What I like about python is the generators--external iterators written EXACTLY the same as internal ones.


This is effectively equivalent to joining relations in a RelationalLanguage or joining tables in SqlLanguage. Different, but equivalent.


In RubyLanguage, you can use the "LazyList?" library to achieve similar things. I've used it in EnumeratingRegularLanguages to literally translate a Haskell program that did just that to Ruby. It would be quite cool to have a "LazyMatrix?" or something like that in Ruby. (AurelianoCalvo)


This is related to the various zipWiths. The first two stages (omitting the final fold) could be considered a function thus:

transmap :: [∃a.[a]] -> ([∃a.a] -> b) -> [b]

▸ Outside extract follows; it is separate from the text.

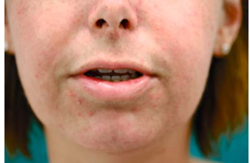
Figure 4b. The skin after 1 week of using vitamin K1 crème.

If you're a Lisper or a Perlist you already consider function arguments to come as a (heterogeneous) list anyway, so you'll think this is like

 replicate :: Nat -> a -> [a]
       map :: (b -> a) -> [b] -> [a]
   zipWith :: (b -> c -> a) -> [b] -> [c] -> [a]
  zipWith3 :: (b -> c -> d -> a) -> [b] -> [c] -> [d] -> [a]
... (edited for legibility --SamuelFalvo?)

This is perhaps another example of how something is done in a dynamic language vs in a typed language.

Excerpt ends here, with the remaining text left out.